Para as cidades, Flávio defende priorizar o transporte coletivo sobre trilhos e facilitar o financiamento de metrôs e da aquisição de ônibus elétricos ou movidos a biocombustíveis.
Ronaldo Caiado
Ronaldo Caiado também aposta na participação da iniciativa privada. O programa prevê a criação de um Plano Nacional de Infraestrutura com horizonte de 30 anos, supervisionado por uma instância técnica independente, e também determina que novos ativos sejam contratados somente quando houver recursos previstos para sua manutenção.
Caiado também aposta no fortalecimento das agências reguladoras e na estabilidade dos contratos para aumentar a segurança jurídica e atrair investimentos.
Na logística, a candidatura defende uma mudança na matriz de transportes, com maior utilização de ferrovias, hidrovias, cabotagem e terminais intermodais. O objetivo é reduzir os custos de transporte e aumentar a competitividade do país.
No saneamento, a meta é cumprir a universalização de água tratada e esgoto até 2033, além de ampliar ações de drenagem urbana e manejo de resíduos.

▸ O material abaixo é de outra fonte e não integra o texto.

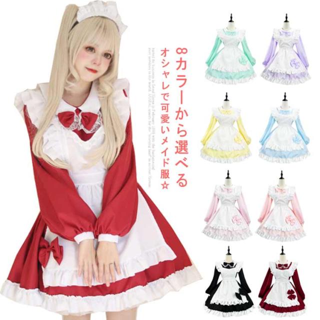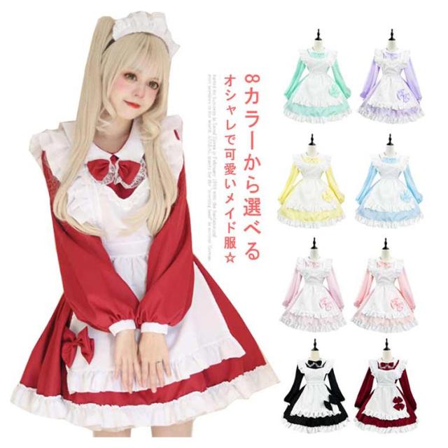 メイド服 コスプレ 8色 メイド こすぷれ ハロウィン ゴスロリ風 フリル リボン メイドコスチューム 可愛い アリス風 仮装 女装 ハロウィンコスプレ コスプレ衣装 大きいサイズ 大人 レディース メンズ メイドカフェー
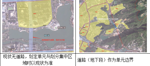 因划定区域内东北侧靠近山体区域面积过大,部分交通干线存在地下部分无法合理切割单元,以交通干线地面延伸段作为单元切割边界。
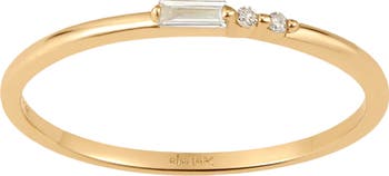 This delicate band set with one baguette-cut and two round-cut diamonds brings simple sophistication to your hand. Delivered from the Made by Mary studio in a giftable book-style box, each piece is carefully crafted with your story in mind.

Assim como Lula, Caiado considera a infraestrutura digital como estratégia. O programa prevê a expansão da conectividade para todos os municípios e o compartilhamento de estruturas como postes, torres e dutos.
Romeu Zema
Zema é um dos principais defensores da participação do capital privado na infraestrutura e da redução da dependência de recursos públicos. O programa prevê um portfólio nacional de projetos com cronogramas para concessões e PPPs.
A candidatura propõe ampliar o uso do mercado de capitais e de mecanismos de garantias e seguros para reduzir o custo dos investimentos.

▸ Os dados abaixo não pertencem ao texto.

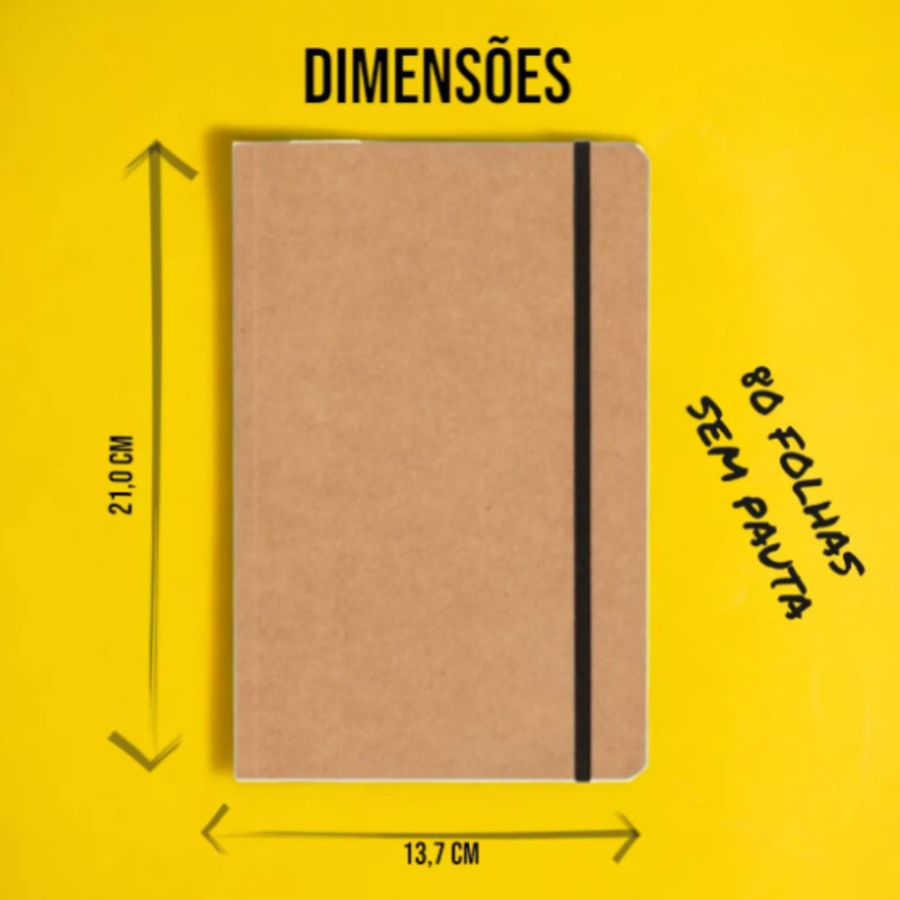 Moleskini Kraft 21×13,7cm 80 Folhas Sem Pauta Amareladas Gravação a Laser.

Para acelerar obras consideradas estratégicas, o plano cria a categoria de “Projetos de Interesse Nacional”, que teria tramitação prioritária e prazos mais rápidos nos órgãos de licenciamento e controle.
Zema também propõe fortalecer a autonomia das agências reguladoras e concentrar o planejamento dos diferentes modais de transporte em um único Ministério da Infraestrutura.

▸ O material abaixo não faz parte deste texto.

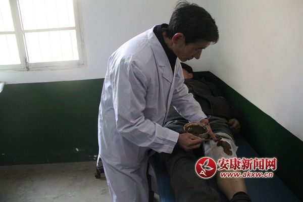 肖明國在給類風濕關節(jié)炎患者涂抹草藥
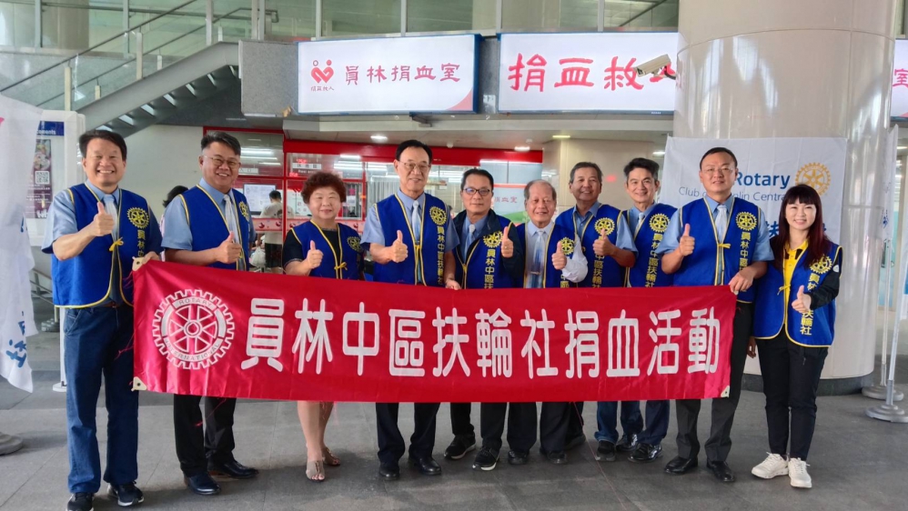 員林中區扶輪社社友分批到捐血處的員林火車站捐血室,協助捐血工作,最早班的社友有社長楊文隆、副社長劉成枝,前社長張勝雄、祕書李杉連、社務行政主委謝武章、社區主委張庭彰、財務長黃榮明、服務主委陳鴻基和社祕等人,陳鴻基還贊助香甜多汁橘子,供社友解渴。
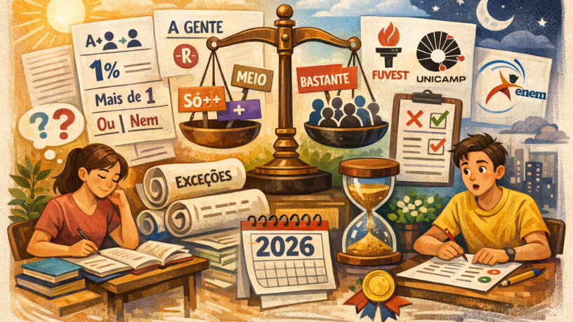 A concordância verbal e nominal é um dos temas mais cobrados nas provas de gramática dos principais vestibulares de 2026, como Fuvest, Unicamp e Enem. Dominar não apenas as regras básicas, mas principalmente os casos especiais e as exceções é fundamental para evitar erros que podem derrubar a nota em questões de análise sintática e correção textual. Essas pegadinhas exigem atenção redobrada do estudante.

Rodovias e portos também seriam ampliados por meio de concessões e PPPs. Para as hidrovias, o programa prevê a participação privada em atividades como dragagem e sinalização.
No saneamento, a estratégia é regionalizar os serviços de água e esgoto e ampliar as concessões para cumprir as metas de universalização previstas no marco legal.
A conectividade digital também aparece entre as prioridades, com expansão do 5G e parcerias para levar internet ao agronegócio, escolas e unidades de saúde no interior.
Renan Santos
O plano de Renan Santos, do Partido Missão, é chamado de “Missão Rondon”, em homenagem ao marechal Cândido Rondon. A proposta estabelece como objetivo elevar os investimentos em infraestrutura de cerca de 2% para pelo menos 4% do PIB (Produto Interno Bruto).
A estratégia, porém, condiciona o aumento do investimento público à realização de reformas administrativa e fiscal. Para ampliar os recursos disponíveis, o programa aposta principalmente em concessões, PPPs e investimentos privados.
As ferrovias aparecem como uma das principais prioridades. A candidatura estabelece como meta ampliar a malha ferroviária brasileira para pelo menos 40 mil quilômetros.
Entre os projetos citados estão a conclusão da Ferrovia Alcântara-Açailândia e da Ferrovia de Integração Oeste-Leste, além do início das obras da Ferrogrão e da viabilização da Ferrovia Transoceânica.
Nos portos, o programa prevê ampliar a capacidade de exportação e acelerar projetos no Norte e Nordeste, incluindo os portos de Alcântara, Itaqui e Ilhéus. A candidatura também defende a expansão da infraestrutura aeroportuária regional.
No setor energético, uma das propostas é criar um marco regulatório para reduzir o chamado curtailment, quando a geração de energia é limitada por falta de capacidade de transmissão. O plano também prevê a retomada das obras de Angra 3 e investimentos em hidrogênio verde e pesquisa em fusão nuclear.